Hello Windows 2000/XP fans,
while I was working on a graphics driver, I noticed random crashes (blue screens) which were hard to reproduce. They don't happen often, but when using a display mode with 16 colors (for example 640x480x16 colors) they seem to happen more often than with other color depths.
Eventually I was able to narrow down the problem and came to the conclusion, that the root cause is a buffer overrun in the function "CreateXlateObject" in the file "win32k.sys". This buffer overrun sometimes caused a random crash. In the most cases it happened within win32k.sys.
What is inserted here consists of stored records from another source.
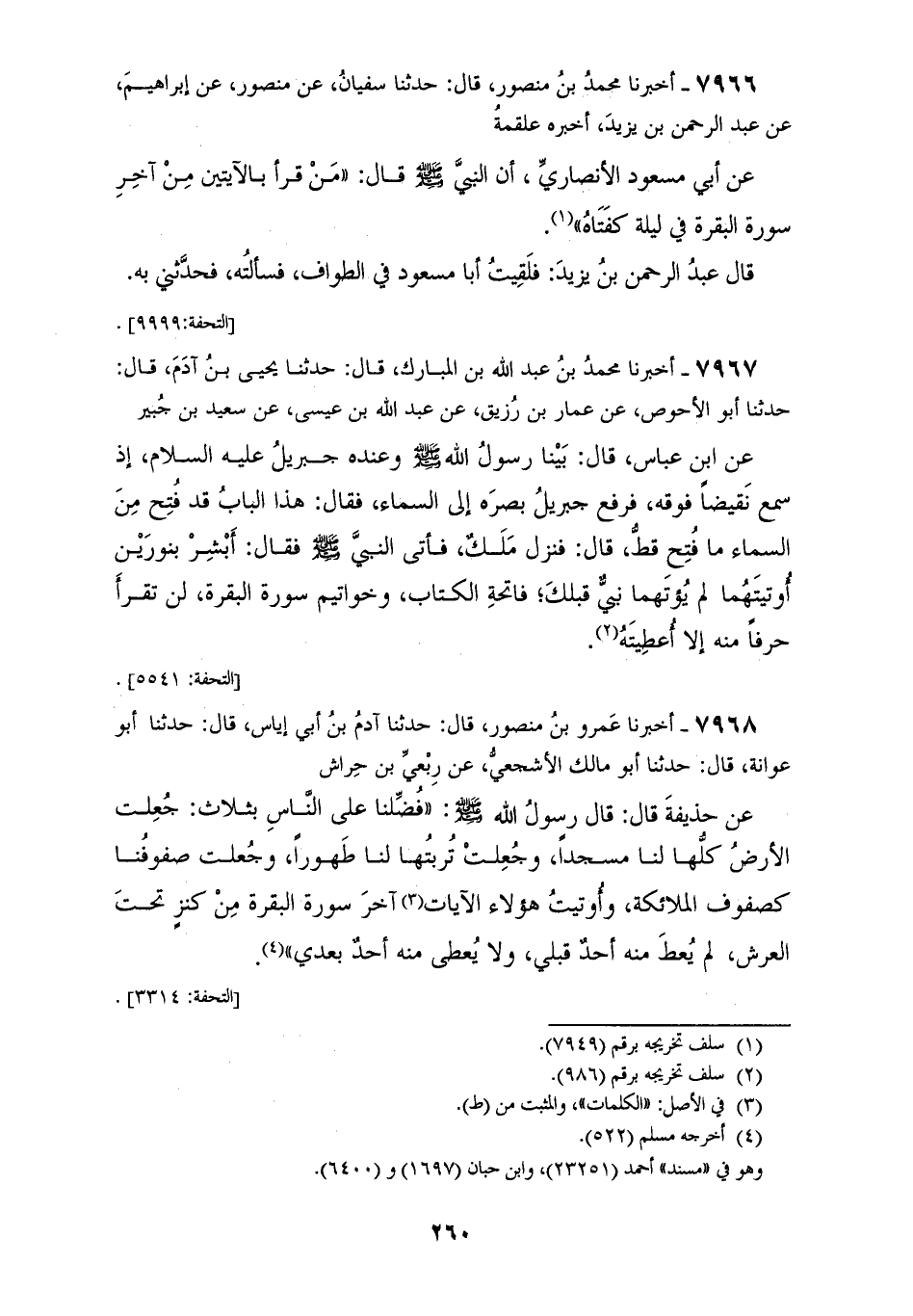 7966 - أَخْبَرَنَا مُحَمَّدُ بْنُ مَنْصُورٍ قَالَ: حَدَّثَنَا سُفْيَانُ، عَنْ مَنْصُورٍ، عَنْ إِبْرَاهِيمَ، عَنْ عَبْدِ الرَّحْمَنِ بْنِ يَزِيدَ، أَخْبَرَهُ عَلْقَمَةُ، عَنْ أَبِي مَسْعُودٍ الْأَنْصَارِيِّ، أَنَّ النَّبِيَّ صَلَّى اللهُ عَلَيْهِ وَسَلَّمَ قَالَ: «§مَنْ قَرَأَ بِالْآيَتَيْنِ مِنْ آخِرِ سُورَةِ الْبَقَرَةِ فِي لَيْلَةٍ كَفَتَاهُ» قَالَ عَبْدُ الرَّحْمَنِ بْنُ يَزِيدَ: فَلَقِيتُ أَبَا مَسْعُودٍ فِي الطَّوَافِ فَسَأَلْتُهُ فَحَدَّثَنِي بِهِ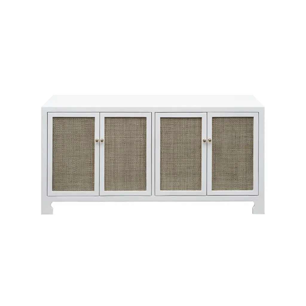 The Worlds Away Sofia handcrafted cabinet features four cane doors and brass hardware. The Sofia offers an abundance of storage and makes a stylish statement wherever used!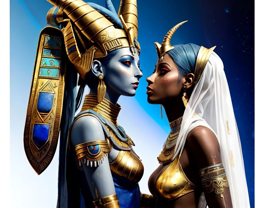 Prompt: "Amenhotep, ancient pharaoh is kissing Nefertiti, full body, Pale Blue and Silver and Gold and Crimson. Rurral art. Graphite, paint and mixed media. symmetrical spectral arafed anime woman with horns and a veil on her head, ash thorp, porcelain pale skin, H.R. Giger's nightmarish splash art, sculpture of satyress, translucent 3d illustration, qifeng lin, james jean aesthetic, ( ( ( horror art ) ) ), satanic, pale pointed ears, human,visible red blood vessels, sorceress, Dee Nickerson and Alberto Seveso by Qian Du, translucent, nephilim, glowing neon vray, elden ring art, elle fanning, tumblr, biblically accurate angels, pale blue skin, love and mercy, satyr, art-gem, early 90s cg, arcana, moonstone, visible azurit blue vessels, she is like Giger's Alien-like Soap bubble-like Alien Eldritch Macabre Species in full translucent mucus, bloody red and honey with azurit blue - A Dystopian Dark Ambient Hyper-detailed hyper-realistic photo-realistic ornate meticulously detailed, muted colors in, meticulous, intricate and highly detailed illustration by jean-baptiste monge, by Justin Ger8ard, by Brian Froud, hyper-realistic, ornate, meticulously detailed, muted colors, muted colors, meticulous, intricate, highly detailed il. Cinematic light. Work of art. Extremely detailed"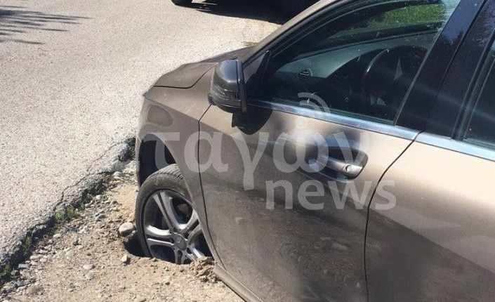 Τυχερός στην ατυχία του ο κ. Μπούρας καθώς η τρύπα ήταν μικρή με αποτέλεσμα να πέσει μέσα μόνο ο ένας τροχός.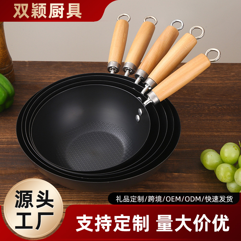 精鉄の小さい炒め鍋はコーティングの鉄の鍋がなくて、ミニは鍋の小さい鍋にくっつきません。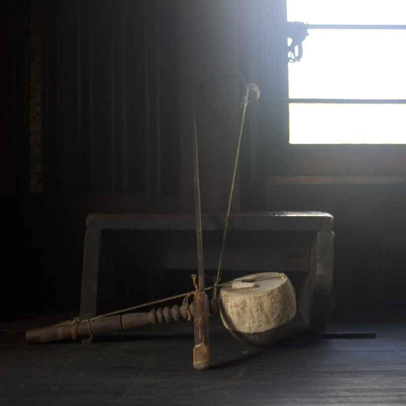 Nrah is a stringed instrument, a chordophone, used by the Ruangmei people, akin to a violin.[1] It has a hollow body made out of a coconut shell that has been cleaned and cut in half and covered with animal skin, preferably that of a buffalo. The strings for the main body and the iron bow are made from horse’s tail. The main body and its horsehair string are bowed and not plucked to generate sounds. The nrah has a separate removable component, a bridge made of wood to raise and support the strings to generate music. (Figs 1 and 2)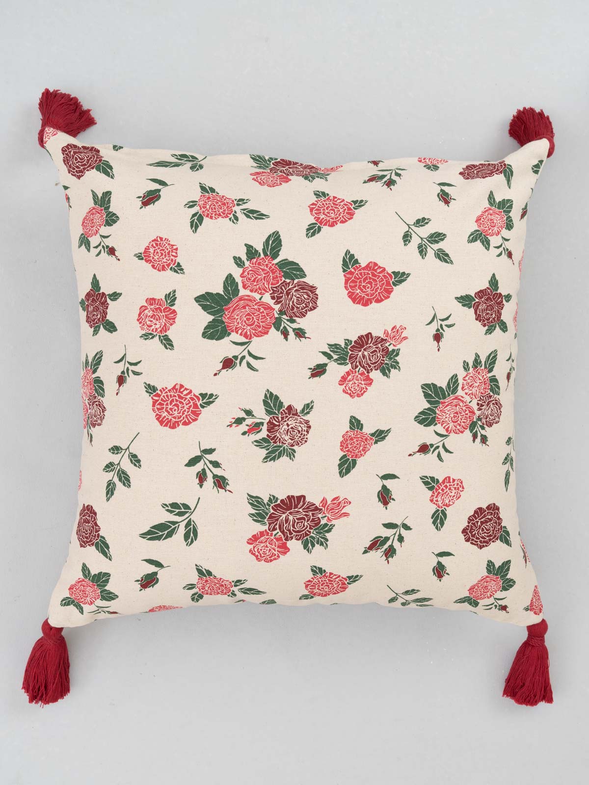 Wild Roses 100% cotton floral cushion cover for sofa - Red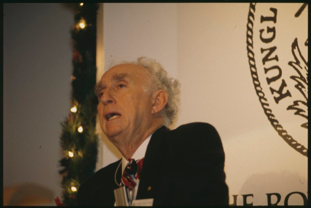 8 (of 11) Martin L. Perl delivering his speech of thanks at the Nobel Prize banquet in the Stockholm City Hall, 10 December 1995.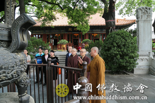 上午9时30分许,性月法师一行抵达中国佛教协会所在地——北京广济寺,性月法师一行首先参观了广济寺,并在大雄宝殿内礼佛诵经。随后,学诚法师在广济寺小客厅亲切会见了性月法师一行,双方进行了座谈交流。会见中,性月法师一行对学诚法师的热情接待表示感谢,向中国佛教协会第九次全国代表会议的胜利召开表示热烈祝贺,并向学诚法师介绍了台湾灵鹫山佛教的有关情况。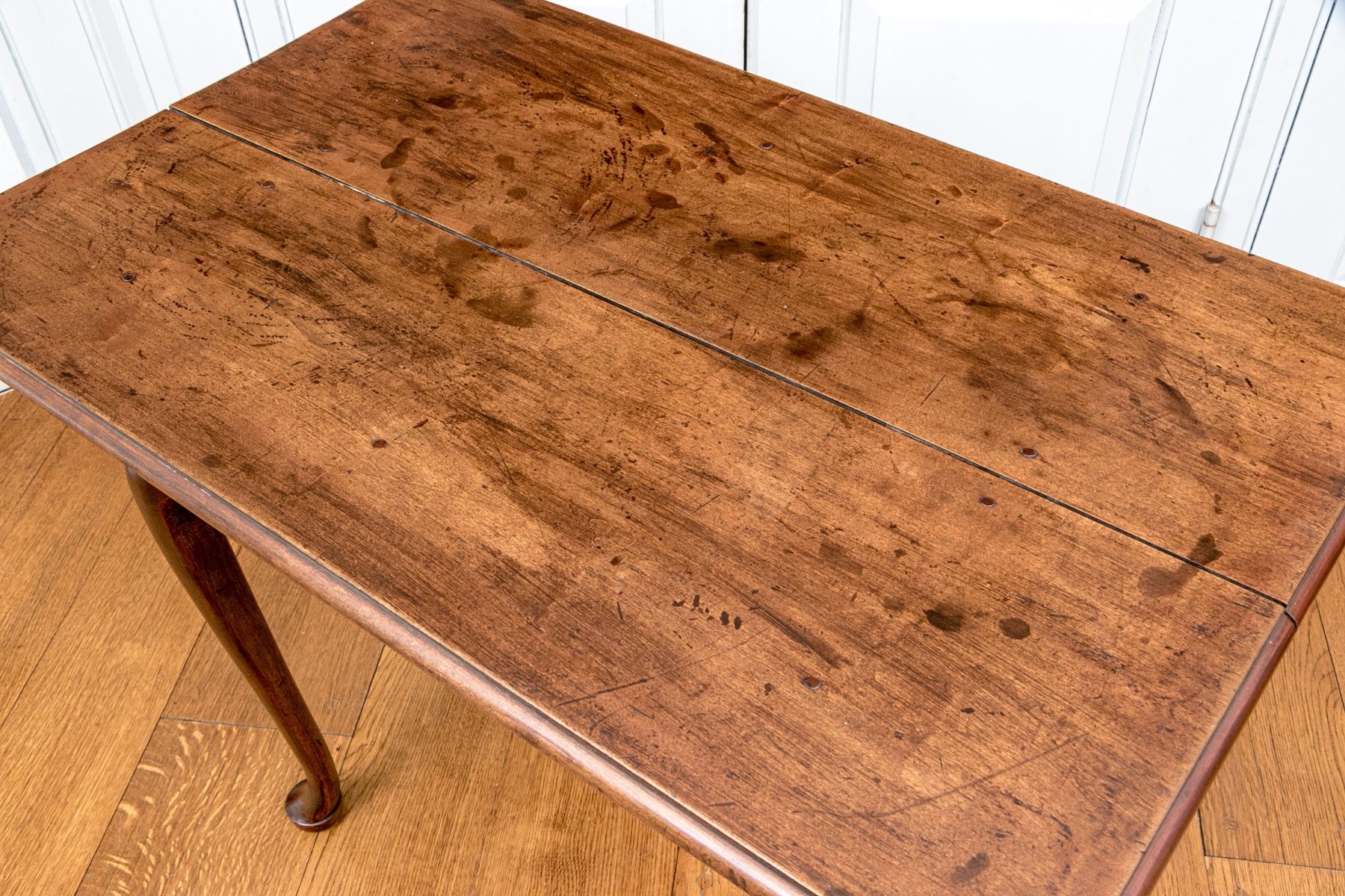 Some of the feet have been previously repaired and added onto. Additionally there is wear to the finish with scuffs and scratches but overall presents well.

I observed, that this issue is not fixed even in the newest version of win32k.sys from a Windows 2000 update from April 2016. An old version of win32k.sys from Windows XP has the same problem. I don't know which Windows XP update contains the newest version of win32k.sys for Windows XP, so I could not validate whether this issue was ever fixed - and if so: how.
So I thought about what to do and came up with the idea, to write a Windows update of my own to fix this bug.
So far I gathered necessary information and wrote a help file which contains most of what I know about the nature of this issue and how it can be fixed:
OTSKB.chm
There is some more auxilliary information available, which I do not plan to distribute among end users:
code.htm
Eventually, I fixed the win32k.sys from Windows 2000 manually with a hex editor to test the proposed solution:
5.00.2196.0001.zip
The update, which would do this automatically and then install the new file automatically, is not written, yet. However, this test win32k.sys can be manually installed with the instructions in the help file.
I would appreciate some feedback before I continue writing the update. Please let me know what you think. Maybe I just got it all wrong, don't know.